▶ [AVAILABLE DATA]:

+ + + + + + +

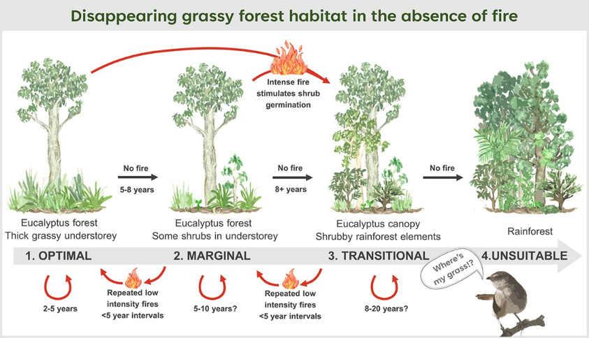 3. Stone, Z. L., M. Maron,E. Tasker. 2022. Reduced fire frequency over three decades hastens loss of the grassy forest habitat of an endangered songbird. Biological Conservation 270: 109570.
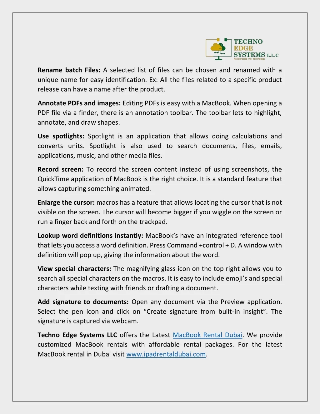 Rename batch Files: A selected list of files can be chosen and renamed with a unique name for easy identification. Ex: All the files related to a specific product release can have a name after the product. Annotate PDFs and images: Editing PDFs is easy with a MacBook. When opening a PDF file via a finder, there is an annotation toolbar. The toolbar lets to highlight, annotate, and draw shapes. Use spotlights: Spotlight is an application that allows doing calculations and converts units. Spotlight is also used to search documents, files, emails, applications, music, and other media files. Record screen: To record the screen content instead of using screenshots, the QuickTime application of MacBook is the right choice. It is a standard feature that allows capturing something animated. Enlarge the cursor: macros has a feature that allows locating the cursor that is not visible on the screen. The cursor will become bigger if you wiggle on the screen or run a finger back and forth on the trackpad. Lookup word definitions instantly:MacBook’s have an integrated reference tool that lets you access a word definition. Press Command +control + D. A window with definition will pop up, giving the information about the word. View special characters: The magnifying glass icon on the top right allows you to search all special characters on the macros. It is easy to include emoji’s and special characters while texting with friends or drafting a document. Add signature to documents: Open any document via the Preview application. Select the pen icon and click on “Create signature from built-in insight”. The signature is captured via webcam. Techno Edge Systems LLC offers the Latest MacBook Rental Dubai. We provide customized MacBook rentals with affordable rental packages. For the latest MacBook rental in Dubai visit www.ipadrentaldubai.com.
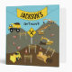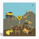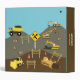Cute illustration of a construction site and trucks theme. Construction truck transportation vehicles include dump truck, excavator, backhoe, bulldozer, crane and front end loader. The perfect design for truck, heavy machinery enthusiasts boys and girls. Ideal Christmas present, birthday gift, nursery decor, kids room art, home decor or back to school artwork artist keepsake binder.
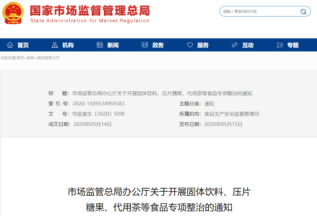 5月15日,市场监管总局办公厅印发关于开展固体饮料、压片糖果、代用茶等食品专项整治的通知,通知指出,重点整治对象包括母婴店、医院及其附近的食品销售单位、线上销售渠道以及面向老年、病弱群体的“保健”类店铺等食品经营者。各地市场监管部门要严格按照《食品安全法》相关规定,对检查和抽检监测中发现的问题及时依法处置,严厉查处违法违规行为,加大处罚力度,落实违法行为“处罚到人”。涉及违反《反不正当竞争法》《广告法》等法律法规的,要实施联合惩戒。涉嫌犯罪的,及时移交公安机关。各省、自治区、直辖市及新疆生产建设兵团市场监管局(厅、委):为加强食品质量安全监管,保障公众身体健康,严厉打击固体饮料、压片糖果、代用茶等特殊形态或包装形式的食品非法添加、虚假宣传、违规销售等违法违规行为,市场监管总局决定开展专项整治工作。现就有关事项通知如下:1.企业名称中含有“生物”“科技”“医药”“营养”等字样的,获证类别为饮料、糖果、果冻、代用茶、茶制品、其他酒、蜜饯、水果制品、水产制品和其他食品的食品生产者及委托生产者。2.母婴店、医院及其附近的食品销售单位、相关食品生产者直销网点、线上销售渠道以及面向老年、病弱群体的“保健”类店铺等食品经营者。1.未取得食品生产经营许可,或超出许可范围从事食品生产经营活动;生产经营未按规定注册、备案的特殊食品。2.生产经营非法添加非食品原料、非食用物质、药品和其他可能危害人体健康物质的食品。3.食品标签、说明书明示或暗示具有疾病预防、治疗及保健功能,利用包括广告、会议、讲座、健康咨询在内的任何方式对食品进行虚假宣传的行为。4.利用网络、会议营销、电话营销、直销等方式违法营销食品,将普通食品与特殊食品进行混放销售、以普通食品冒充特殊食品销售等违规销售行为。食品生产经营者要对生产经营情况和生产经营的食品开展全面自查,重点如下:1.生产许可情况。是否持续保持食品生产许可条件,是否以固体饮料等许可类别超范围生产婴幼儿配方食品、特殊医学用途配方食品、保健食品、特殊膳食食品等。2.过程控制情况。是否采购使用无合格证明、不符合食品安全标准的食品原料、食品添加剂,是否按照食品安全标准要求设立食品安全关键环节的控制措施及操作规程,是否无产品标准受托生产食品,受托生产是否按照规定留存样品并做好记录。3.非法添加情况。食品原料是否来源明确、标识清楚,是否专人管理食品添加剂,生产过程中是否按照产品配方进行投料,原料领用、投料等记录是否齐全,是否违法添加药品、非食用物质、仅限用于保健食品的物品等。4.标签标识情况。产品名称是否反映食品的真实属性,是否使用药品名称命名食品,营养信息是否真实客观,是否执行相应食品安全标准或标注适用婴幼儿等特殊人群,是否标注或暗示有疾病预防、治疗或保健功能及满足进食受限、消化吸收障碍、代谢紊乱或特定疾病人群对营养素或膳食的特殊需要。5.宣传和销售情况。是否如实记录进货查验等信息,是否购进标签、说明书涉及疾病预防、治疗以及保健功能的普通食品并与特殊食品混放销售,是否在销售中利用会议、讲座、健康咨询、专家推介、虚假广告等形式向婴幼儿、儿童、老年等特殊人群进行虚假宣传,是否未经许可或在许可登记的经营场所外,利用网络、会议、电话等营销方式违法销售。(二)加强监督检查和抽检监测,严厉打击违法违规行为1.加强监督检查。各地市场监管部门要结合许可工作,对整治对象进行全面梳理,掌握产品名称、执行标准、原料使用、适用人群、包装或食用形式、委托生产等情况。要结合企业自查情况,重点检查企业是否超许可范围生产经营,原料是否合法合规,采购、投料等记录是否真实,是否非法添加,标签标识是否虚假,是否非法销售和虚假宣传等。对发现涉嫌非法添加、非法声称产品功效的产品,要及时进行核查,严防严控食品安全风险。2.加强抽检监测。各地市场监管部门要对有委托生产、涉嫌疾病预防、治疗及保健功能声称或“纤体”“瘦身”等类似宣传用语、有适宜人群或定量食用的食品,加大抽检监测力度。重点检验与宣传用语相关的物质是否符合规定,是否非法添加咖啡因、双醋酚丁、匹克硫酸钠、麻黄碱、伪麻黄碱、酚酞、西地那非、育亨宾、布洛芬、盐酸二甲双胍、γ-羟基丁酸等药品、非食用物质以及其他可能危害人体健康的物质。3.严厉查处违法违规行为。各地市场监管部门要严格按照《食品安全法》相关规定,对检查和抽检监测中发现的问题及时依法处置,严厉查处违法违规行为,加大处罚力度,落实违法行为“处罚到人”。涉及违反《反不正当竞争法》《广告法》等法律法规的,要实施联合惩戒。涉嫌犯罪的,及时移交公安机关。(一)第一阶段:2020年7月31日前,督促食品生产经营者开展自查,全面排查食品安全风险。(二)第二阶段:2020年8月1日至2020年10月31日,开展集中整治,严厉查处违法违规行为。(三)第三阶段:2020年11月,对专项整治工作进行总结,完善相关工作制度措施。(一)强化组织实施。各地市场监管部门要提高政治站位,坚持以人民为中心,落实属地责任,结合实际情况制定本地专项整治工作细化方案,认真抓好落实,做

+ + + + + + +

▶ [TASK]: Transcribe the whole of the data exactly, minus any pictures.

▶ [RESPONSE TO THE TASK]:
 3. Stone, Z. L., M. Maron,E. Tasker. 2022. Reduced fire frequency over three decades hastens loss of the grassy forest habitat of an endangered songbird. Biological Conservation 270: 109570.
 Rename batch Files: A selected list of files can be chosen and renamed with a unique name for easy identification. Ex: All the files related to a specific product release can have a name after the product. Annotate PDFs and images: Editing PDFs is easy with a MacBook. When opening a PDF file via a finder, there is an annotation toolbar. The toolbar lets to highlight, annotate, and draw shapes. Use spotlights: Spotlight is an application that allows doing calculations and converts units. Spotlight is also used to search documents, files, emails, applications, music, and other media files. Record screen: To record the screen content instead of using screenshots, the QuickTime application of MacBook is the right choice. It is a standard feature that allows capturing something animated. Enlarge the cursor: macros has a feature that allows locating the cursor that is not visible on the screen. The cursor will become bigger if you wiggle on the screen or run a finger back and forth on the trackpad. Lookup word definitions instantly:MacBook’s have an integrated reference tool that lets you access a word definition. Press Command +control + D. A window with definition will pop up, giving the information about the word. View special characters: The magnifying glass icon on the top right allows you to search all special characters on the macros. It is easy to include emoji’s and special characters while texting with friends or drafting a document. Add signature to documents: Open any document via the Preview application. Select the pen icon and click on “Create signature from built-in insight”. The signature is captured via webcam. Techno Edge Systems LLC offers the Latest MacBook Rental Dubai. We provide customized MacBook rentals with affordable rental packages. For the latest MacBook rental in Dubai visit www.ipadrentaldubai.com.
Cute illustration of a construction site and trucks theme. Construction truck transportation vehicles include dump truck, excavator, backhoe, bulldozer, crane and front end loader. The perfect design for truck, heavy machinery enthusiasts boys and girls. Ideal Christmas present, birthday gift, nursery decor, kids room art, home decor or back to school artwork artist keepsake binder.
 5月15日,市场监管总局办公厅印发关于开展固体饮料、压片糖果、代用茶等食品专项整治的通知,通知指出,重点整治对象包括母婴店、医院及其附近的食品销售单位、线上销售渠道以及面向老年、病弱群体的“保健”类店铺等食品经营者。各地市场监管部门要严格按照《食品安全法》相关规定,对检查和抽检监测中发现的问题及时依法处置,严厉查处违法违规行为,加大处罚力度,落实违法行为“处罚到人”。涉及违反《反不正当竞争法》《广告法》等法律法规的,要实施联合惩戒。涉嫌犯罪的,及时移交公安机关。各省、自治区、直辖市及新疆生产建设兵团市场监管局(厅、委):为加强食品质量安全监管,保障公众身体健康,严厉打击固体饮料、压片糖果、代用茶等特殊形态或包装形式的食品非法添加、虚假宣传、违规销售等违法违规行为,市场监管总局决定开展专项整治工作。现就有关事项通知如下:1.企业名称中含有“生物”“科技”“医药”“营养”等字样的,获证类别为饮料、糖果、果冻、代用茶、茶制品、其他酒、蜜饯、水果制品、水产制品和其他食品的食品生产者及委托生产者。2.母婴店、医院及其附近的食品销售单位、相关食品生产者直销网点、线上销售渠道以及面向老年、病弱群体的“保健”类店铺等食品经营者。1.未取得食品生产经营许可,或超出许可范围从事食品生产经营活动;生产经营未按规定注册、备案的特殊食品。2.生产经营非法添加非食品原料、非食用物质、药品和其他可能危害人体健康物质的食品。3.食品标签、说明书明示或暗示具有疾病预防、治疗及保健功能,利用包括广告、会议、讲座、健康咨询在内的任何方式对食品进行虚假宣传的行为。4.利用网络、会议营销、电话营销、直销等方式违法营销食品,将普通食品与特殊食品进行混放销售、以普通食品冒充特殊食品销售等违规销售行为。食品生产经营者要对生产经营情况和生产经营的食品开展全面自查,重点如下:1.生产许可情况。是否持续保持食品生产许可条件,是否以固体饮料等许可类别超范围生产婴幼儿配方食品、特殊医学用途配方食品、保健食品、特殊膳食食品等。2.过程控制情况。是否采购使用无合格证明、不符合食品安全标准的食品原料、食品添加剂,是否按照食品安全标准要求设立食品安全关键环节的控制措施及操作规程,是否无产品标准受托生产食品,受托生产是否按照规定留存样品并做好记录。3.非法添加情况。食品原料是否来源明确、标识清楚,是否专人管理食品添加剂,生产过程中是否按照产品配方进行投料,原料领用、投料等记录是否齐全,是否违法添加药品、非食用物质、仅限用于保健食品的物品等。4.标签标识情况。产品名称是否反映食品的真实属性,是否使用药品名称命名食品,营养信息是否真实客观,是否执行相应食品安全标准或标注适用婴幼儿等特殊人群,是否标注或暗示有疾病预防、治疗或保健功能及满足进食受限、消化吸收障碍、代谢紊乱或特定疾病人群对营养素或膳食的特殊需要。5.宣传和销售情况。是否如实记录进货查验等信息,是否购进标签、说明书涉及疾病预防、治疗以及保健功能的普通食品并与特殊食品混放销售,是否在销售中利用会议、讲座、健康咨询、专家推介、虚假广告等形式向婴幼儿、儿童、老年等特殊人群进行虚假宣传,是否未经许可或在许可登记的经营场所外,利用网络、会议、电话等营销方式违法销售。(二)加强监督检查和抽检监测,严厉打击违法违规行为1.加强监督检查。各地市场监管部门要结合许可工作,对整治对象进行全面梳理,掌握产品名称、执行标准、原料使用、适用人群、包装或食用形式、委托生产等情况。要结合企业自查情况,重点检查企业是否超许可范围生产经营,原料是否合法合规,采购、投料等记录是否真实,是否非法添加,标签标识是否虚假,是否非法销售和虚假宣传等。对发现涉嫌非法添加、非法声称产品功效的产品,要及时进行核查,严防严控食品安全风险。2.加强抽检监测。各地市场监管部门要对有委托生产、涉嫌疾病预防、治疗及保健功能声称或“纤体”“瘦身”等类似宣传用语、有适宜人群或定量食用的食品,加大抽检监测力度。重点检验与宣传用语相关的物质是否符合规定,是否非法添加咖啡因、双醋酚丁、匹克硫酸钠、麻黄碱、伪麻黄碱、酚酞、西地那非、育亨宾、布洛芬、盐酸二甲双胍、γ-羟基丁酸等药品、非食用物质以及其他可能危害人体健康的物质。3.严厉查处违法违规行为。各地市场监管部门要严格按照《食品安全法》相关规定,对检查和抽检监测中发现的问题及时依法处置,严厉查处违法违规行为,加大处罚力度,落实违法行为“处罚到人”。涉及违反《反不正当竞争法》《广告法》等法律法规的,要实施联合惩戒。涉嫌犯罪的,及时移交公安机关。(一)第一阶段:2020年7月31日前,督促食品生产经营者开展自查,全面排查食品安全风险。(二)第二阶段:2020年8月1日至2020年10月31日,开展集中整治,严厉查处违法违规行为。(三)第三阶段:2020年11月,对专项整治工作进行总结,完善相关工作制度措施。(一)强化组织实施。各地市场监管部门要提高政治站位,坚持以人民为中心,落实属地责任,结合实际情况制定本地专项整治工作细化方案,认真抓好落实,做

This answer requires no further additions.